TASK DIRECTIONS => In the material below, find the line with "从数据上看,2020年12月" and the line with "2025-03-09 11:37:06普", then output both and every line between them exactly, omitting pictures.

DATA PROVIDED =>
_ _ _ _

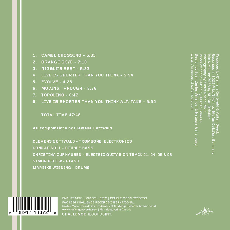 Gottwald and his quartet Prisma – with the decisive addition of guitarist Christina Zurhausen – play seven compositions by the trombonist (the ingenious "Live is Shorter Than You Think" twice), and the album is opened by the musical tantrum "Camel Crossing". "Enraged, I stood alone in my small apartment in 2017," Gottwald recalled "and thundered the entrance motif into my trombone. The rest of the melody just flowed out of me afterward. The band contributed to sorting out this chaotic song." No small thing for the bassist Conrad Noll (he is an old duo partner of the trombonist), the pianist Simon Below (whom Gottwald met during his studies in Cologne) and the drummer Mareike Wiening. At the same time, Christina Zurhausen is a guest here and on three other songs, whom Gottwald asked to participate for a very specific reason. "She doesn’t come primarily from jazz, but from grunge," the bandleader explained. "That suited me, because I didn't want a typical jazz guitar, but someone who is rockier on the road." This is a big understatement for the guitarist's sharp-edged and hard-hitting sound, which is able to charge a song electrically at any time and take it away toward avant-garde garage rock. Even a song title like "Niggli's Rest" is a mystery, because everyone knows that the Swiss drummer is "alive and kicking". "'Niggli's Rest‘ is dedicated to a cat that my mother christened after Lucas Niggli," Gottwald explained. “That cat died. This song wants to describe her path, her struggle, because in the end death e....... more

_ _ _ _

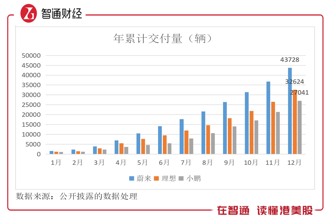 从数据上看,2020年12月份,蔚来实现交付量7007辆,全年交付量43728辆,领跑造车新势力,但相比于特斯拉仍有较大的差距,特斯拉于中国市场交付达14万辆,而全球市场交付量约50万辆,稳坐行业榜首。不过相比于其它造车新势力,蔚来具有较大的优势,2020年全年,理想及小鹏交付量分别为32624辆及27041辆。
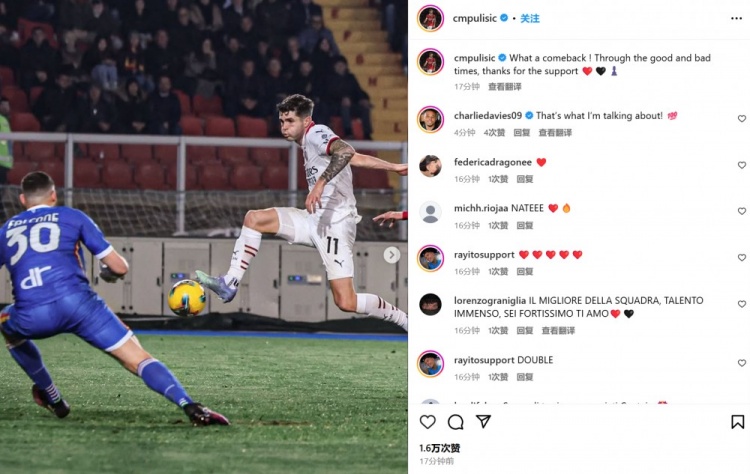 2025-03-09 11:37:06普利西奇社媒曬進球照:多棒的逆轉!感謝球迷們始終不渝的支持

_ _ _ _

THE ANSWER =>
 从数据上看,2020年12月份,蔚来实现交付量7007辆,全年交付量43728辆,领跑造车新势力,但相比于特斯拉仍有较大的差距,特斯拉于中国市场交付达14万辆,而全球市场交付量约50万辆,稳坐行业榜首。不过相比于其它造车新势力,蔚来具有较大的优势,2020年全年,理想及小鹏交付量分别为32624辆及27041辆。
 2025-03-09 11:37:06普利西奇社媒曬進球照:多棒的逆轉!感謝球迷們始終不渝的支持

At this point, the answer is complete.